● **Information provided**
........
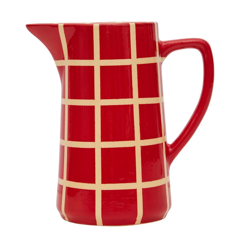 Aposte em um toque de charme e autenticidade na sua mesa com a Jarra Cerâmica Quadriculado Vermelho. Com design exclusivo em padrão quadriculado, ela traz um visual moderno com inspiração retrô, perfeito para quem deseja aliar funcionalidade e decoração.
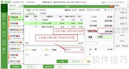 11、 整单折扣的设置,此单折扣是针对整个治疗项目的总花费,而非单个处置的费用,优惠后的金额即本次实收费用。
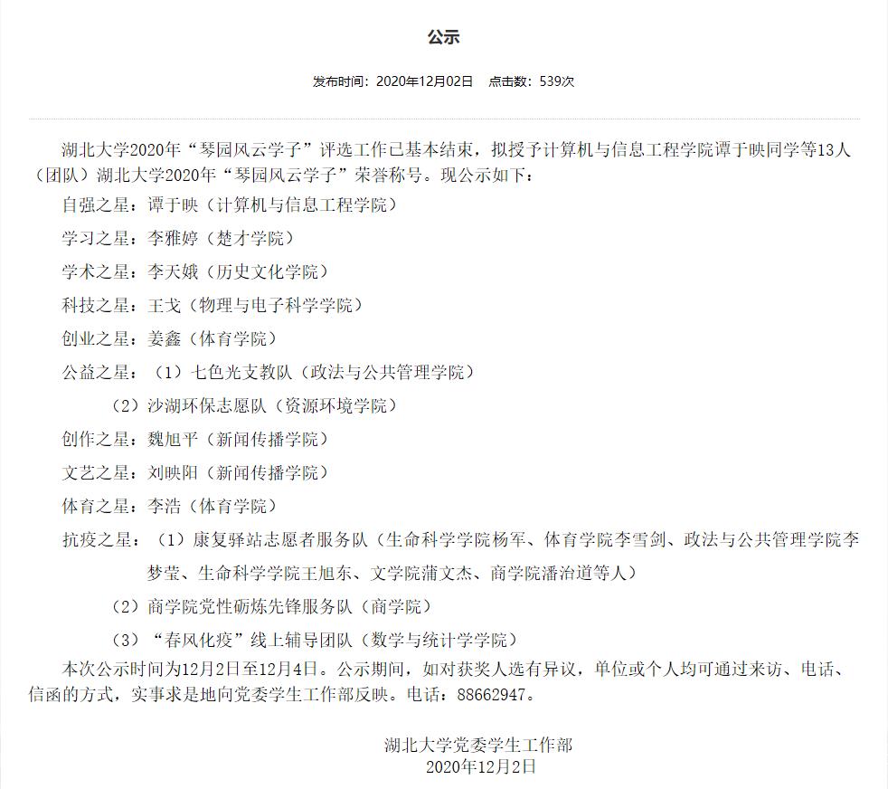 据悉,本次琴园风云学子”评选活动旨在,希望学生树立远大理想,专于学习、勤于实践、勇于创新,不断提升自身综合素质,努力成长为担当民族复兴大任的时代新人。
........
● **Description of the task**
Everything from the line with "11、 整单折扣的设置,此单" through the end of the listing above, both ends included, should be set down exactly; copy nothing else, and skip the pictures.

● **Your solution**
 11、 整单折扣的设置,此单折扣是针对整个治疗项目的总花费,而非单个处置的费用,优惠后的金额即本次实收费用。
 据悉,本次琴园风云学子”评选活动旨在,希望学生树立远大理想,专于学习、勤于实践、勇于创新,不断提升自身综合素质,努力成长为担当民族复兴大任的时代新人。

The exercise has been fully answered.